Channels are assumes to contain several timepoints, thus this Dataset
stores some additional properties (reference time t0, temporal
distance of two timepoints dt and channelids (names)).
See also
Please refer to the documentation of the base class for more information:
MappedDataset
Initialize ChannelDataset.
Parameters: |
- samples (ndarray) – Three-dimensional array: (samples x channels x timepoints).
- t0 (float) – Reference time of the first timepoint. Can be used to preserve
information about the onset of some stimulation. Preferably in
seconds.
- dt (float) – Temporal distance between two timepoints. Has to be given in
seconds. Otherwise samplingrate property will not return
Hz.
- channelids (list) – List of channel names.
- mapper (Instance of Mapper) – This mapper will be embedded in the dataset and is used and
updated, by all subsequent mapping or feature selection
procedures.
- data (dict) – Dictionary with an arbitrary number of entries. The value for
each key in the dict has to be an ndarray with the
same length as the number of rows in the samples array.
A special entry in this dictionary is ‘samples’, a 2d array
(samples x features). A shallow copy is stored in the object.
- dsattr (dict) – Dictionary of dataset attributes. An arbitrary number of
arbitrarily named and typed objects can be stored here. A
shallow copy of the dictionary is stored in the object.
- dtype (type | None) – If None – do not change data type if samples
is an ndarray. Otherwise convert samples to dtype.
|
-
channelids
List of channel IDs
-
dt
Time difference between two samples (in seconds).
-
resample(nt=None, sr=None, dt=None, window='ham', inplace=True, **kwargs)

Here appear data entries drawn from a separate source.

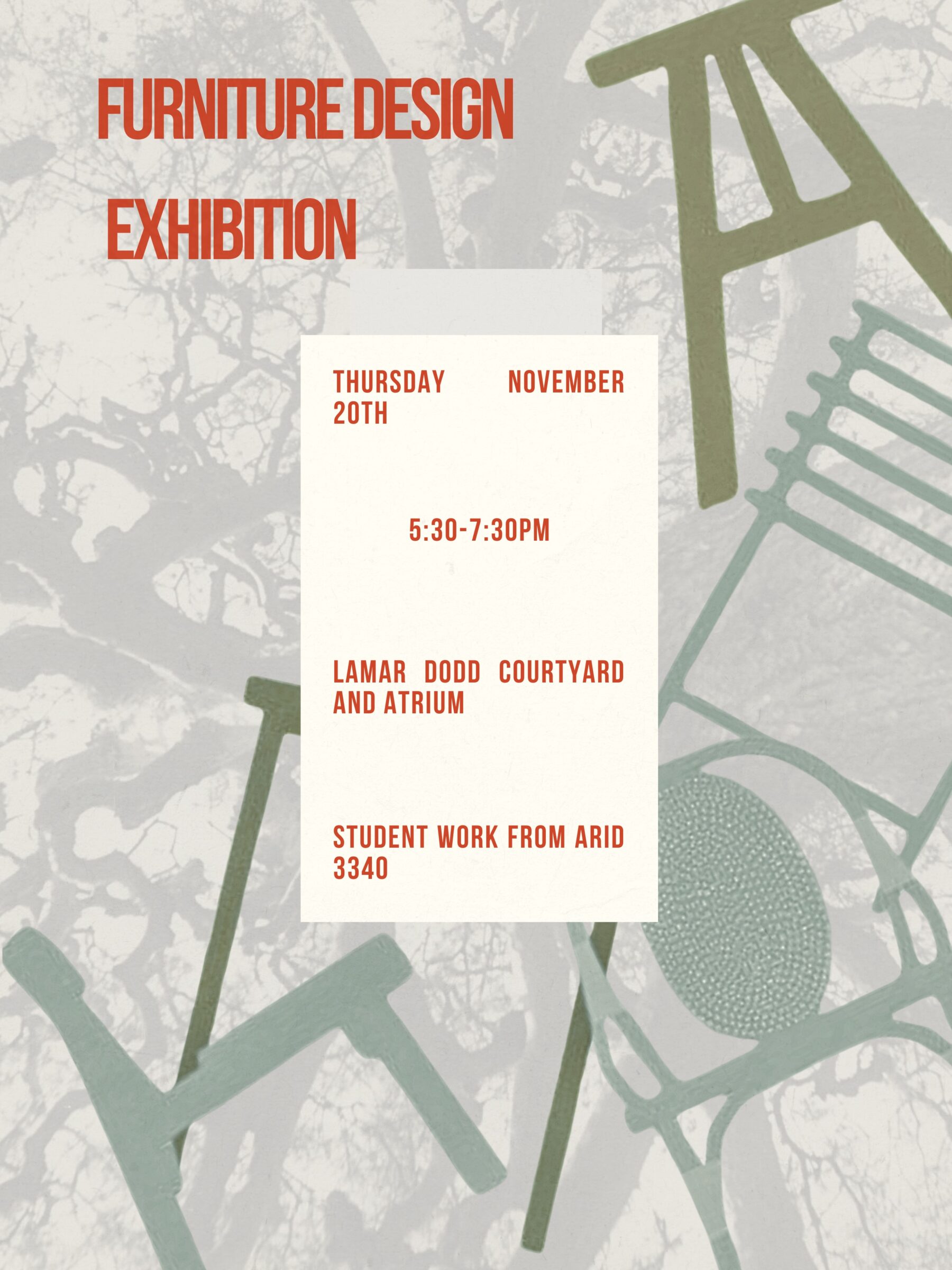 November 20 Furniture Design Exhibition November 20th, 2025 at 5:30 pm Atrium, Courtyard at the Dodd November 20th, 2025 at 5:30 pm Atrium, Courtyard at the Dodd
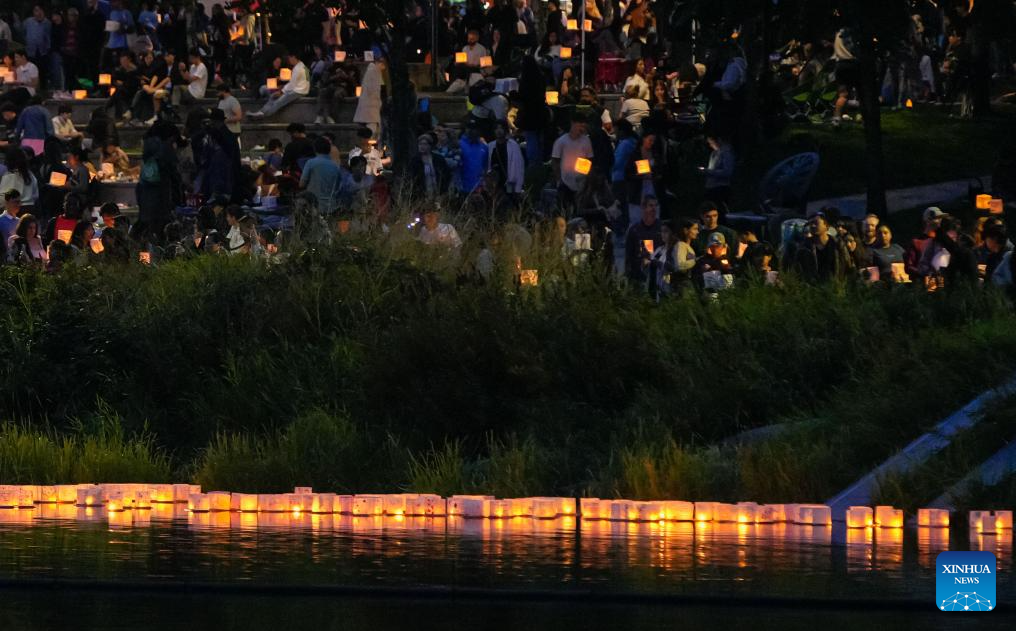 People participate in the Water Lantern Festival at Lafarge Lake in Coquitlam, British Columbia, Canada, Aug. 16, 2025. The event attracted hundreds of residents and visitors to enjoy the illuminated lanterns and share wishes for hope and joy. (Photo by Liang Sen/Xinhua)
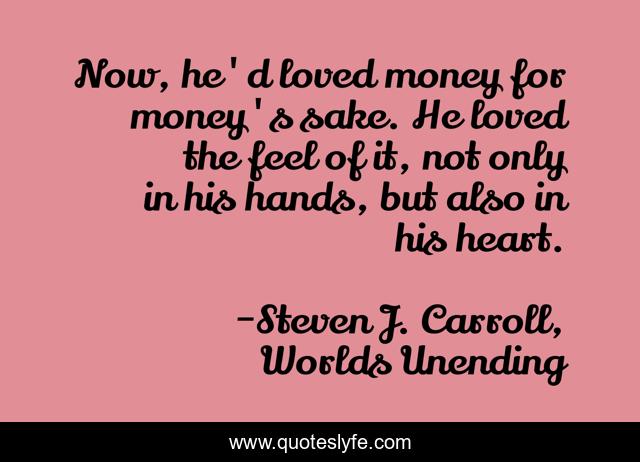 This page presents the quote "Now, he'd loved money for money's sake. He loved the feel of it, not only in his hands, but also in his heart.". Author of this quote is Steven J. Carroll, Worlds Unending. This quote is about selfishness, middle-grade, middle-grade-fantasy, greed, money,.
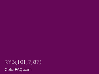 RYB 101,7,87 Color is a very dark magenta color and the nearest color is Pompadour #660045. Hex code #650757 and RGB value is rgb(101,7,87). In RGB color space, this color is composed of 40% red, 3% green, 34% blue, In CMYK color space, this color is composed of 0% cyan, 93% magenta, 14% yellow , 60% black , In HSL color space, this color has a hue angle of 309° , 87% saturation and 21% lightness.
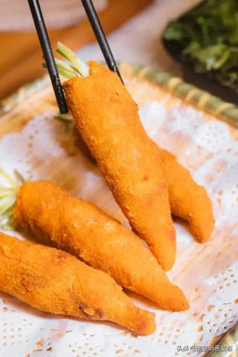 里头是烤鸭丝,外头是新鲜的鱼片。裹粉油炸之后,再插上香菜梗,一条栩栩如生的胡萝卜鱼就制作完成了。
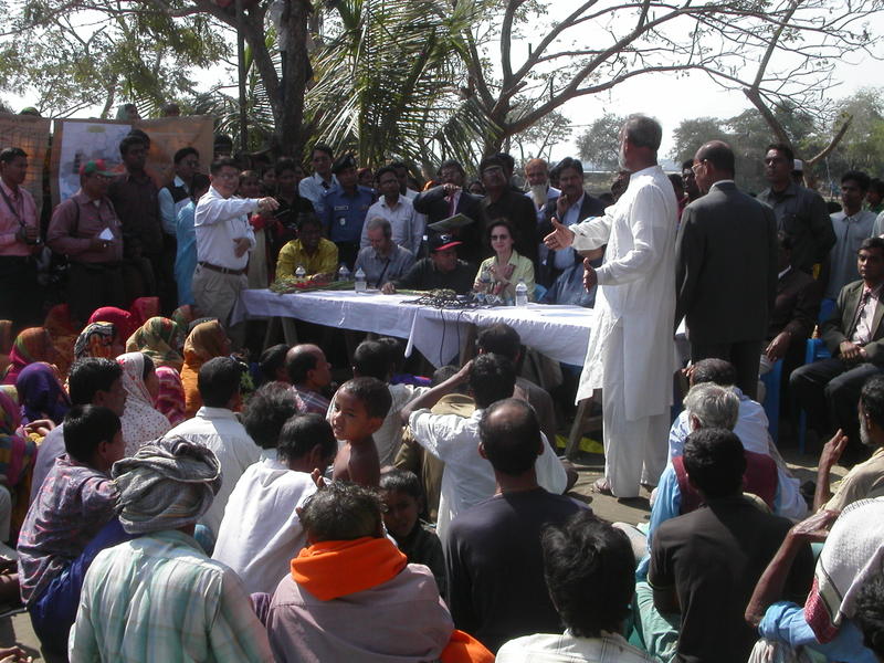 en de resultaten te bekijken van het "Disaster management project". Onderdelen van dit project zijn de drinkwateroplossingen, maar het gaat vooral over de realisatie van zgn plintbouw: voorkomen moet worden dat de huizen snel onder water staan, er worden nu dus huisjes gebouwd op hoog gelegen straten c.q. dijken. Het was allemaal goed voorbereid door Shushilan hoewel het toch echt meer op een goed geregisseerd toneelstukje leek. Het heeft in ieder geval onmiddellijk effect gehad. De dag erop waren er allerlei vergaderingen in Dhaka en er komt geld beschikbaar voor meer van dergelijke programmaas. Achteraf vroegen we ons af of zo’n bezoek niet anders zou kunnen; het kost een bom geld en we vroegen ons af wat de delegatie nou feitelijk ziet tijdens zo’n bliksembezoek van 1 uur. Ik heb dit soort visites al meer meegemaakt en ik blijf het een rare vertoning vinden. Kunnen ze niet beter gewoon met een auto komen…..dan zien ze onderweg ook nog wat…… maar ja dat kost een paar dagen en daar schijnt geen tijd voor te zijn…..
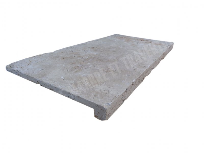 Travertin Beige Nez de Marche Droit 30,5x61 cm Épaisseur : 3 cm Qualité : Rustique Finition : Antique & Vieilli PRIX : 21 € HT – Pièce |
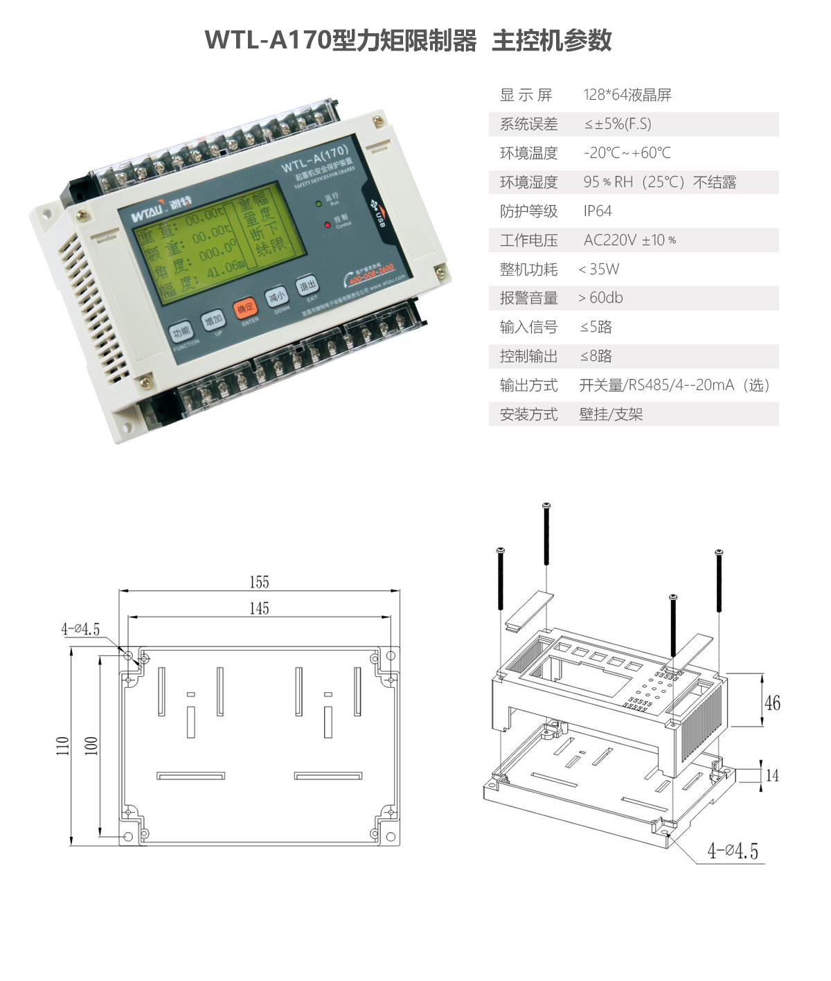 WTL-A170力矩限制器產(chǎn)品特別適用于用于雙搖臂抱桿、汽車吊、港口門座式起重機(鷹嘴吊)、履帶吊、固定吊、輪胎吊、桅桿吊等監(jiān)控信號較多的起重設(shè)備。
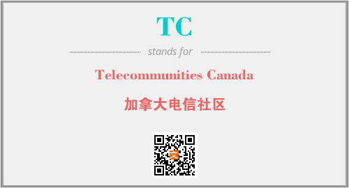上述内容是“Telecommunities Canada”作为“TC”的缩写,解释为“加拿大电信社区”时的信息,以及英文缩略词TC所代表的英文单词,其对应的中文拼音、详细解释以及在英文中的流行度和相关分类、应用领域及应用示例等。
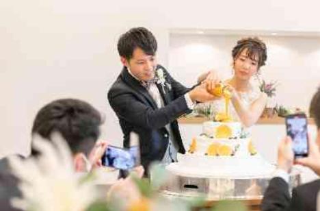 ゲストの皆さんも注目!シャッターチャンスのひとつ!おふたりの輝かしい未来を彩るようにウエディングケーキをドリップで仕上げます☆打合せではパティシエと直接相談して、オリジナルウエディングケーキを作成します。ゲストの皆さんもシャッターチャンスが増えて嬉しいですよね!会場もより一層華やかな印象となりました。
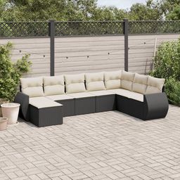 Salon de jardin 8 pcs avec coussins noir resine tressee
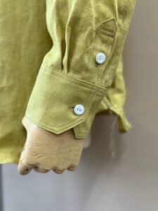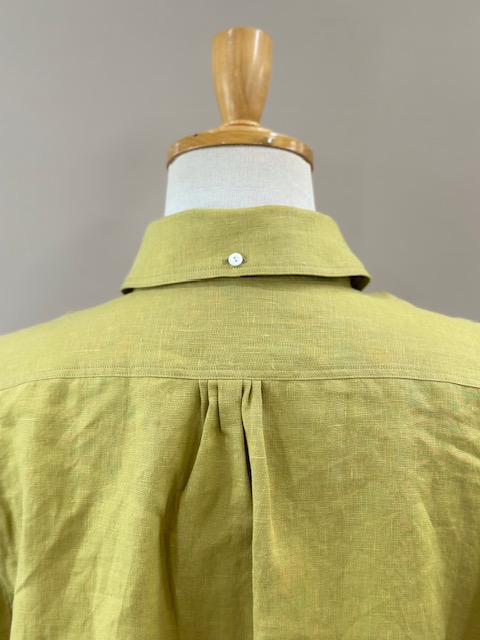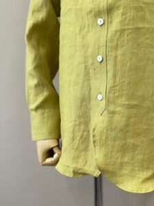 台襟が高くトップボタンが2つ付く襟元が特徴的でラウンドカラーのボタンダウンにする事で優しい印象を与えてくれます。

Convenience method to resample data sample channel-wise.
Resampling target can be specified by number of timepoint
or temporal distance or sampling rate.
Please note that this method only operates on
ChannelDataset and always returns such.
Parameters: |
- nt (int) – Number of timepoints to resample to.
- dt (float) – Temporal distance of samples after resampling.
- sr (float) – Target sampling rate.
- inplace (bool) – If inplace=False, it would create and return a new dataset
with new samples
- **kwargs – All additional arguments are passed to resample() from
scipy.signal
|
Return : | ChannelDataset
|
-
samplingrate
Yeah, sampling rate.
-
substractBaseline(t=None)
Substract mean baseline signal from the each timepoint.
The baseline is determined by computing the mean over all timepoints
specified by t.
The samples of the dataset are modified in-place and nothing is
returned.
Parameters: | t (int | float | None) – If an integer, t denotes the number of timepoints in the from the
start of each sample to be used to compute the baseline signal.
If a floating point value, t is the duration of the baseline
window from the start of each sample in whatever unit
corresponding to the datasets samplingrate. Finally, if None
the t0 property of the dataset is used to determine t as it
would have been specified as duration. |
-
t0
Temporal position of first sample in the timeseries (in seconds) – possibly relative to stimulus onset.